Yazılarımda açık kimlik kullanmama nedenim, bu konunun hassasiyeti ve sert gözüken bir duruşumun olması. Ancak KHK’lıların mağduriyeti o kadar büyük ki bu sert duruş bile belki yetersiz. Çok değer verdiğim bir devreme bu konuyu daha önce açmıştım zaten. Yazıyı sosyal medyada görünce o aradı beni, sen mi yazdın diye. Bu yazı kimseyi hedef almak, incitmek amacıyla yazılmadı. Ailem ve işlerim nedeniyle zamanım sınırlı; bu nedenle yapıcı bir katkı dışında polemiklerden uzak durmak istiyorum.
Gülen hareketi içinde olan hiç kimseyle bireysel düzeyde bir olumsuzluk yaşamadım.
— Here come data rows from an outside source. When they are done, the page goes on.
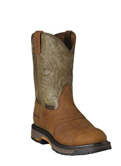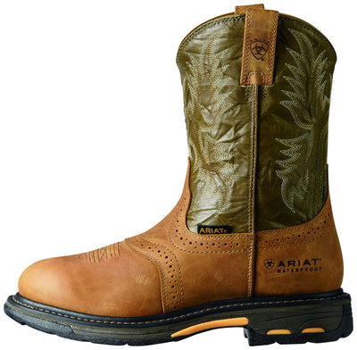 Ariat Mens Workhog Composite Toe Waterproof Boots - Aged Bark/Army Green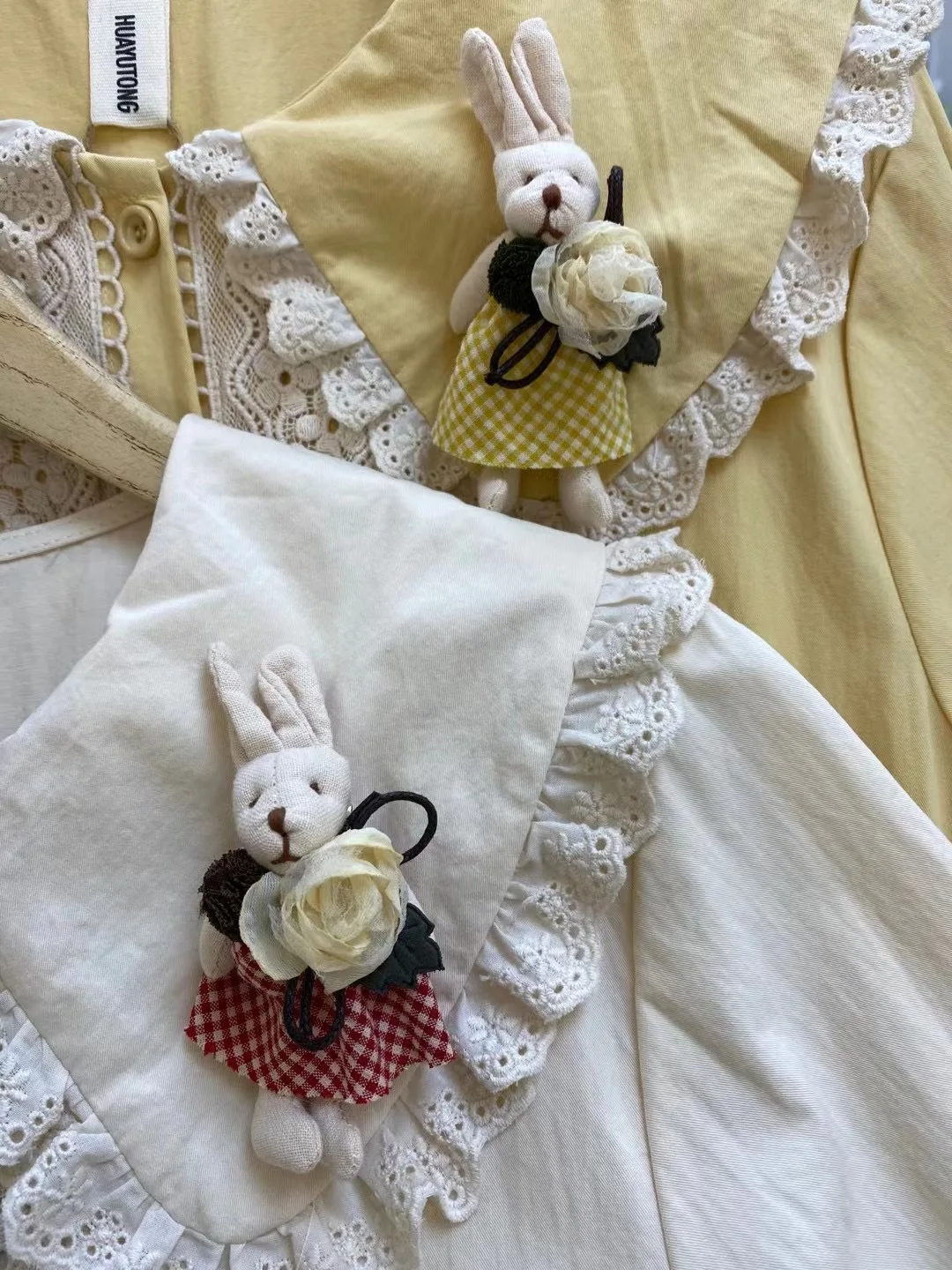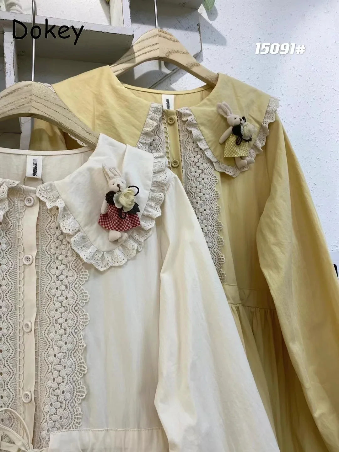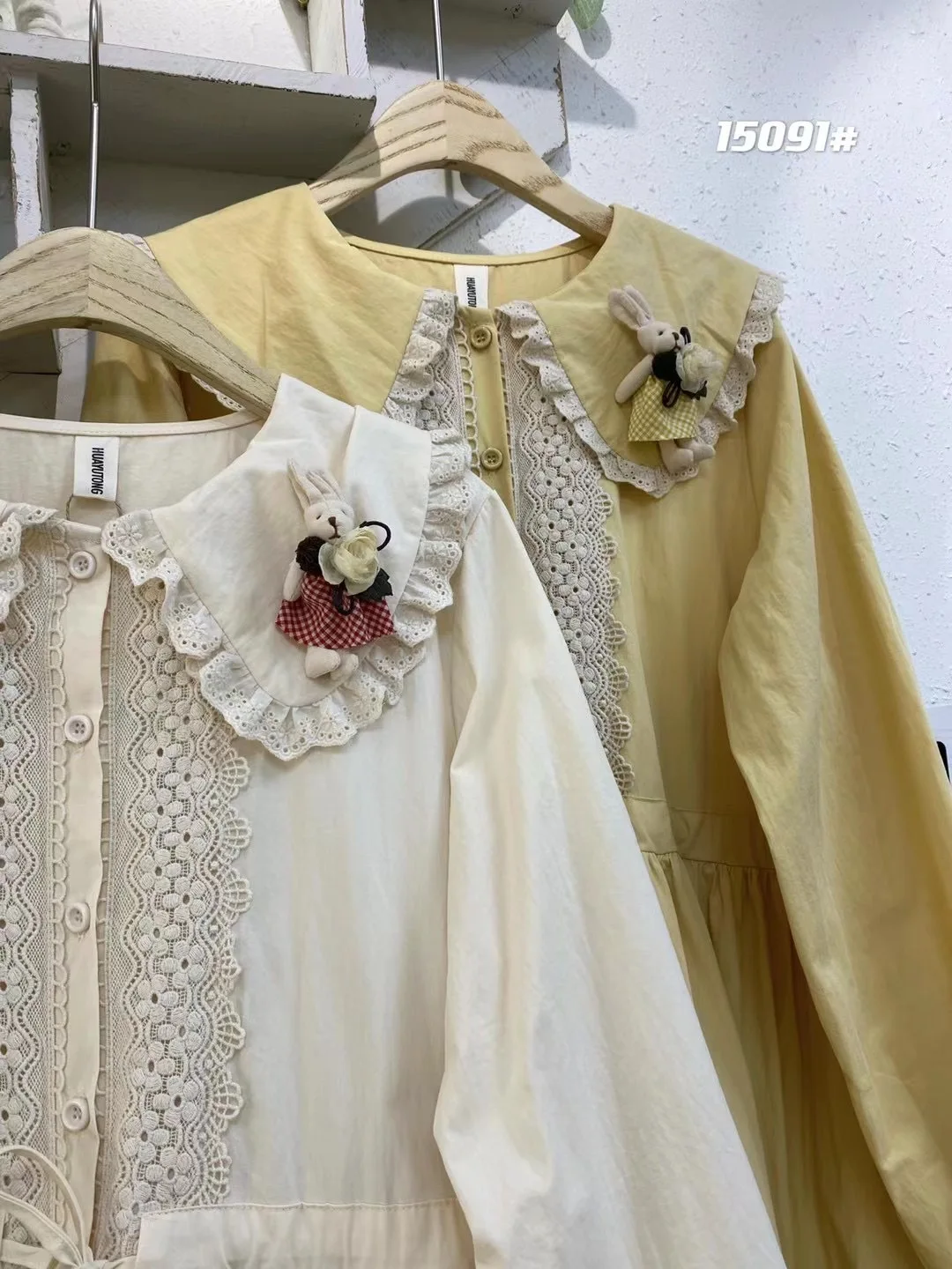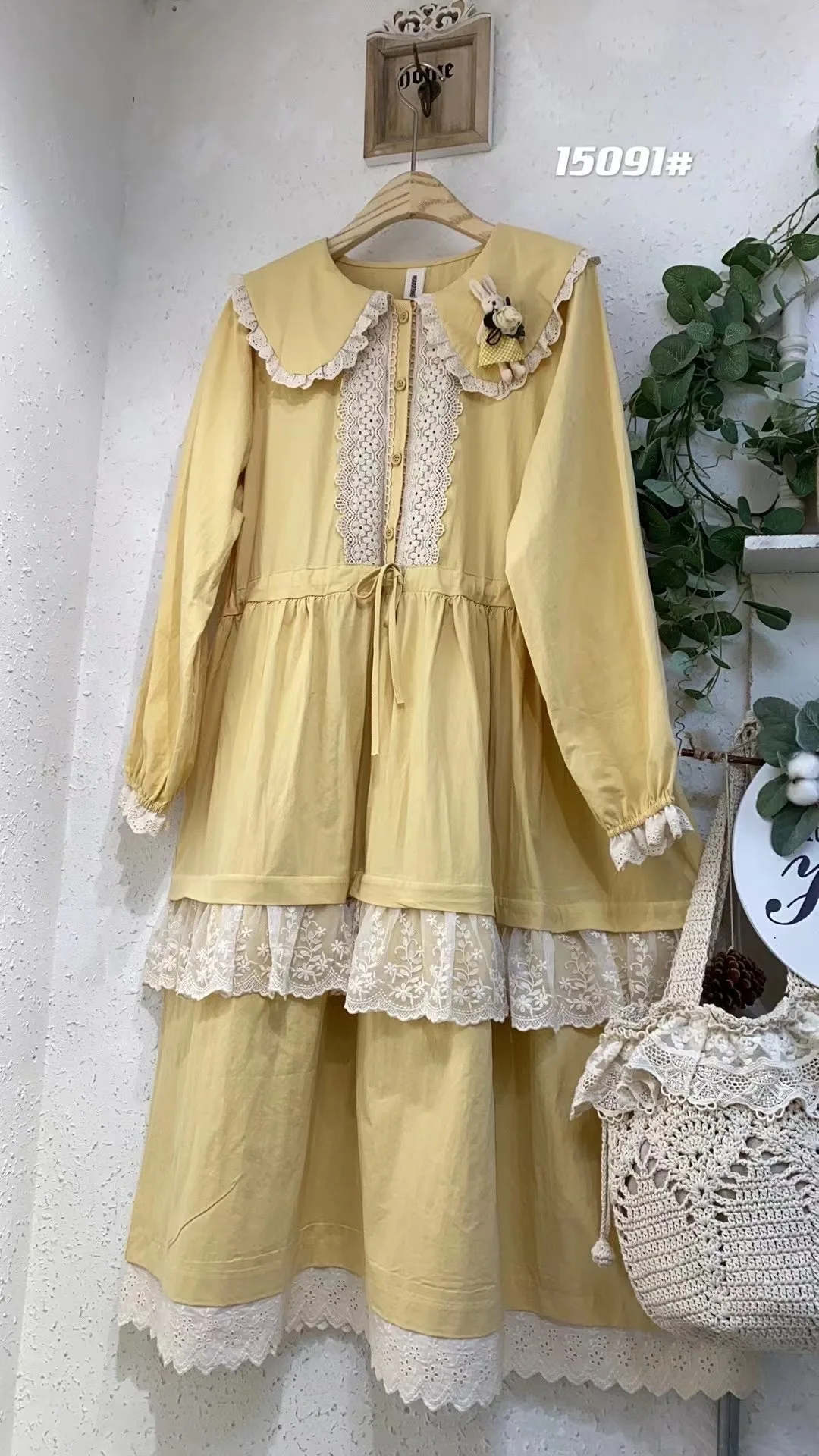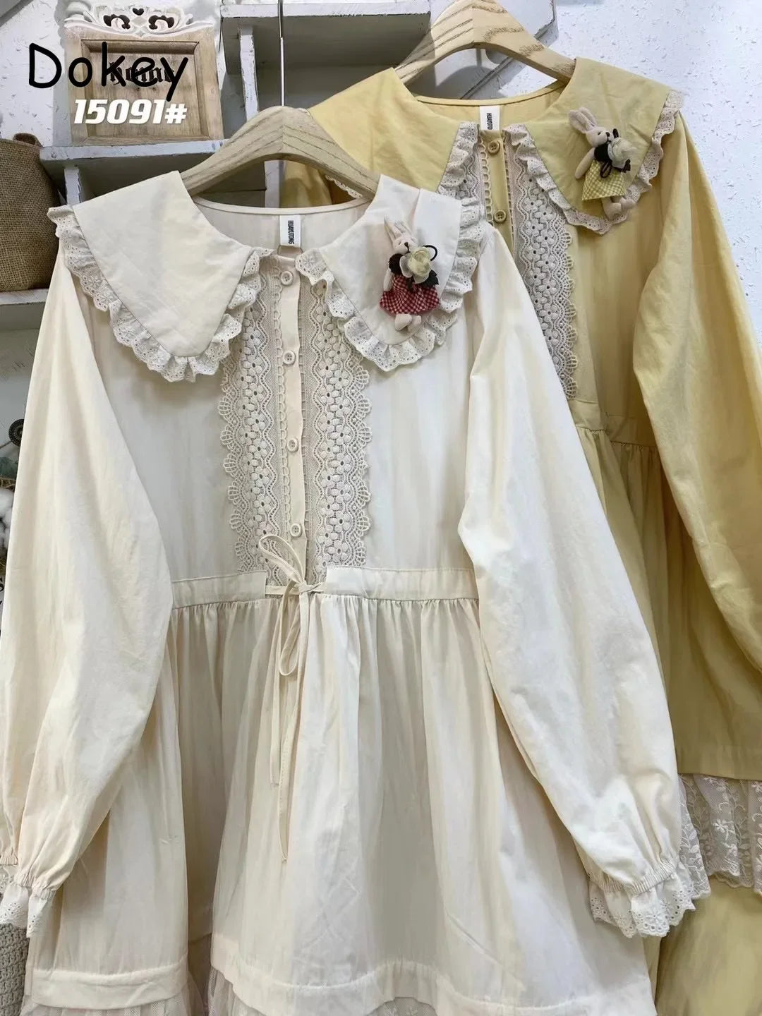Mori Girl Lace Ruffles Patchwork Dress for Women, Sweet Peter Pan Collar, Kawaii Long Sleeve Dress, Japanese Cotton Linen Loose
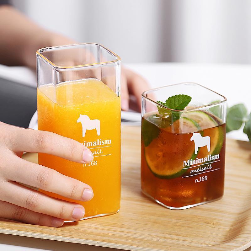 メーカー卸売り角型高ホウ素シリコンガラス透明牛乳カップヨーロッパ式コーヒーカップ飲料ジュースミルクカップ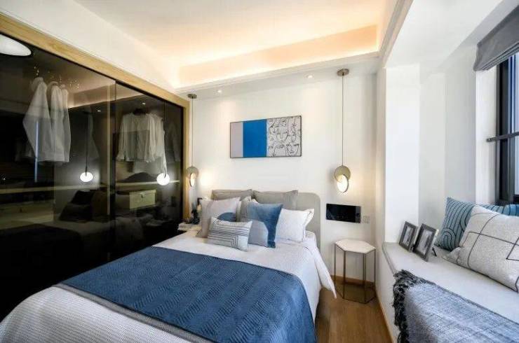 床头配置inSight智能中控智慧空间版,根据不同场景的 “家庭时刻”,为你带来贴心的主动智能服务,让住宅向更智能的高阶品质进化。明装双头射灯、吊顶+灯带、人造石窗台、木地板等,助力打造柔和浪漫的卧室空间。每一处设计的考量,从功能到布局,面面俱到,全方位照顾您的安全奢适起居。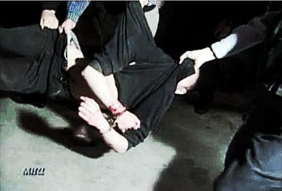그는 자신의 왼쪽 손목 등을 찌르며 자해를 시작했다.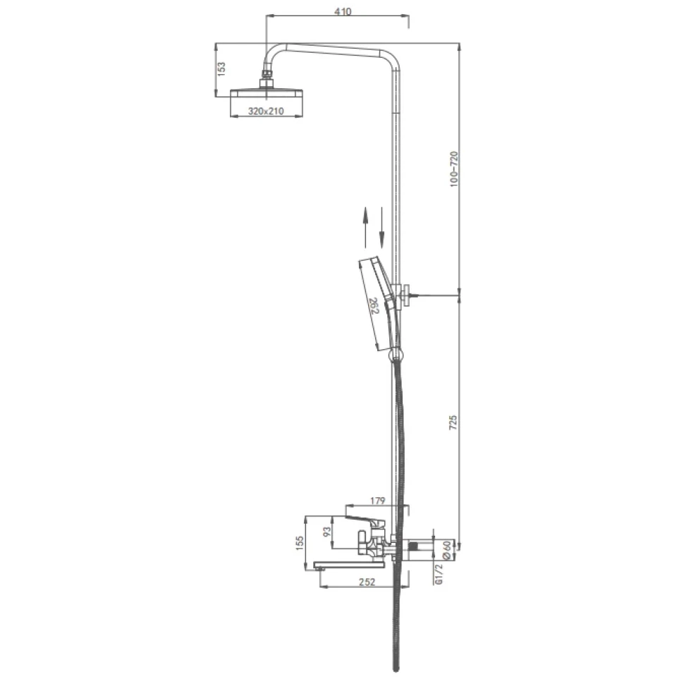 Душевая штанга с держателем лейки, ручной душ, смеситель, шланг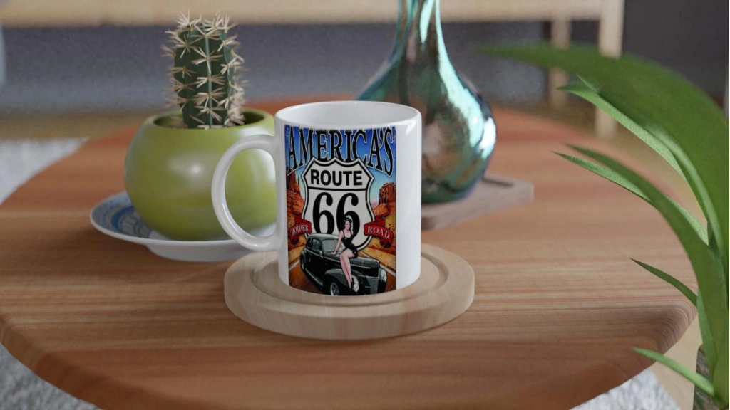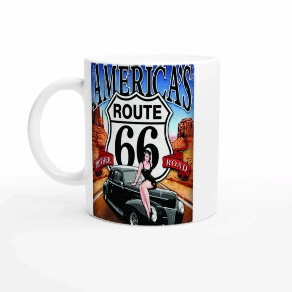 Efsanevi Route 66 tabelası, çöl manzarası ve siyah klasik araç üstündeki pin-up figürüyle koleksiyonluk bir parça.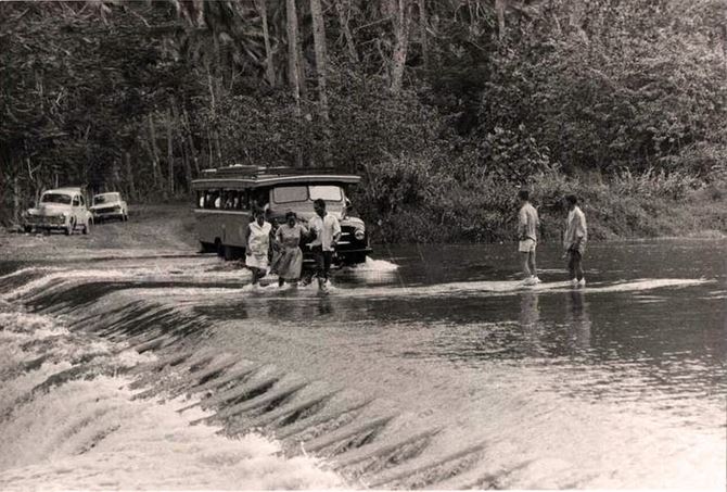 8. Le fameux radier de Tautira en 1950, qui permettait de franchir la rivière Vaitepiha.
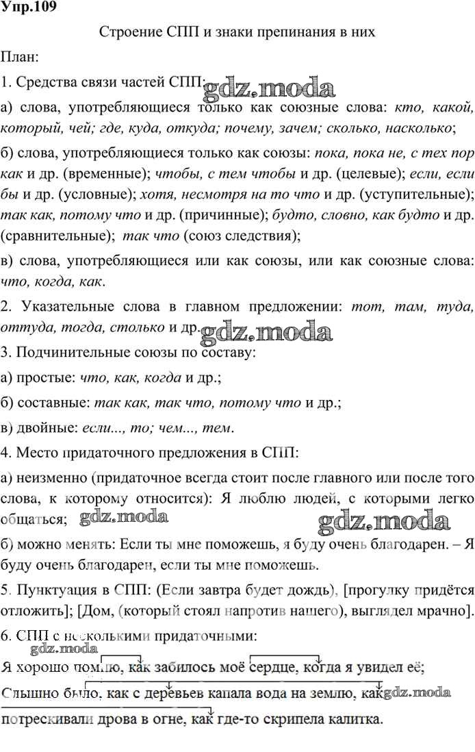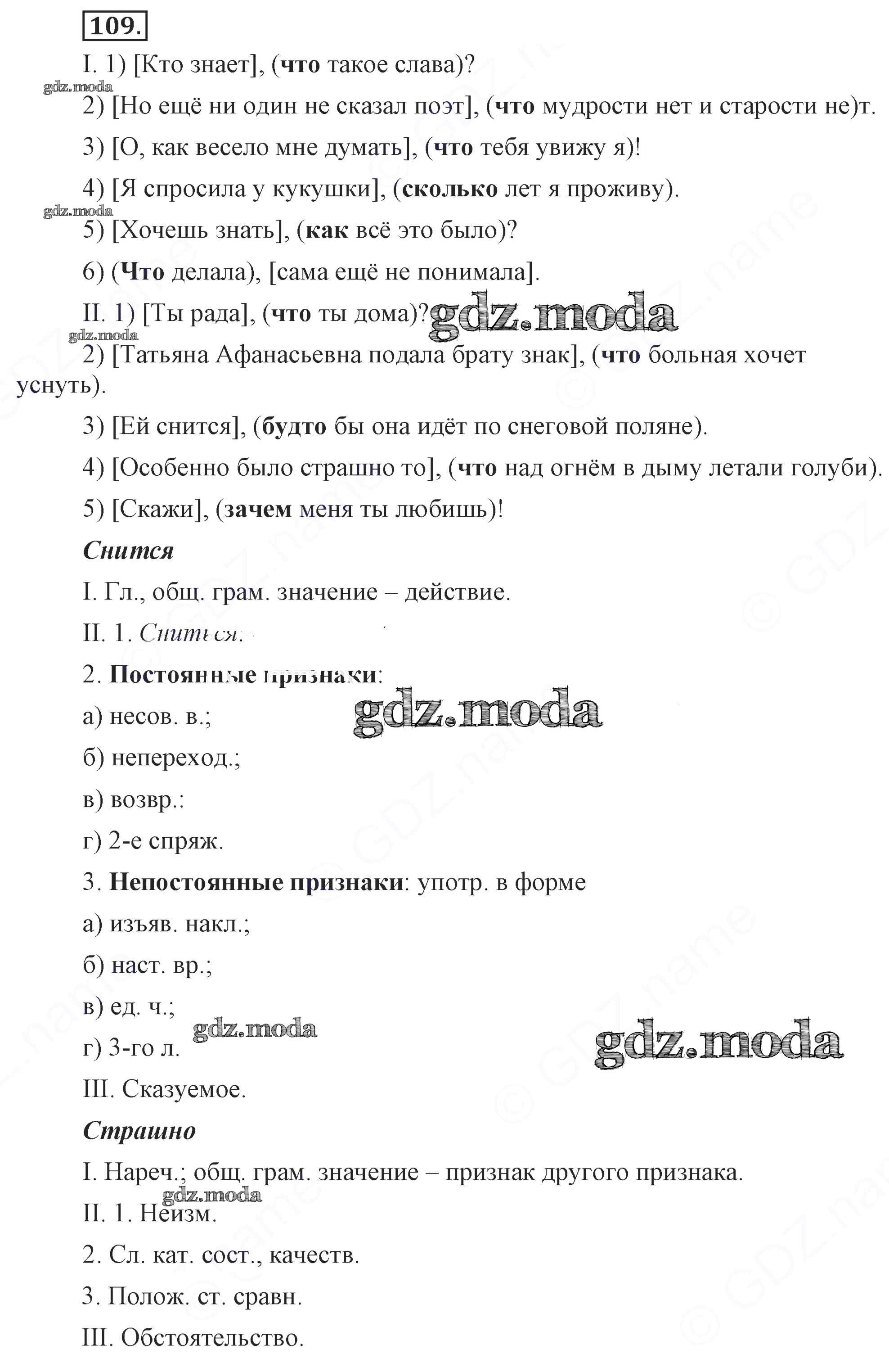 ОТВЕТ на задание № 109 Учебник по Русскому языку 9 класс Бархударов

Hâlen KHK mağduru olan arkadaşlarıma zaman zaman maddi destekte bulunuyorum. Cemaati oluşturan bireylerin yüzde doksanını da gerçekten Tanrı’ya ve topluma hizmet amaçlı ve iyi niyetli olarak görüyorum. Hatta manipülatif gördüğüm insanlar bile bunu dini duygularına kapılarak yapıyor olabilirler.
Son olarak belirtmeliyim ki, bu yazıları yazmak için herhangi bir kurum ya da kişiden destek veya ücret almadım. Yazma fikri tamamen bana aittir. Medyascope’un bu yazıyı yayımlama yönündeki olumlu tutumunu da takdir ediyorum. Ruşen Bey ile her konuda aynı düşünmesek de bu farklı görüşlerin aynı platformda yer bulması, sağlıklı bir tartışma kültürü açısından çok kıymetlidir. Kendisine ve Medyascope ekibine tekrar teşekkür ederim.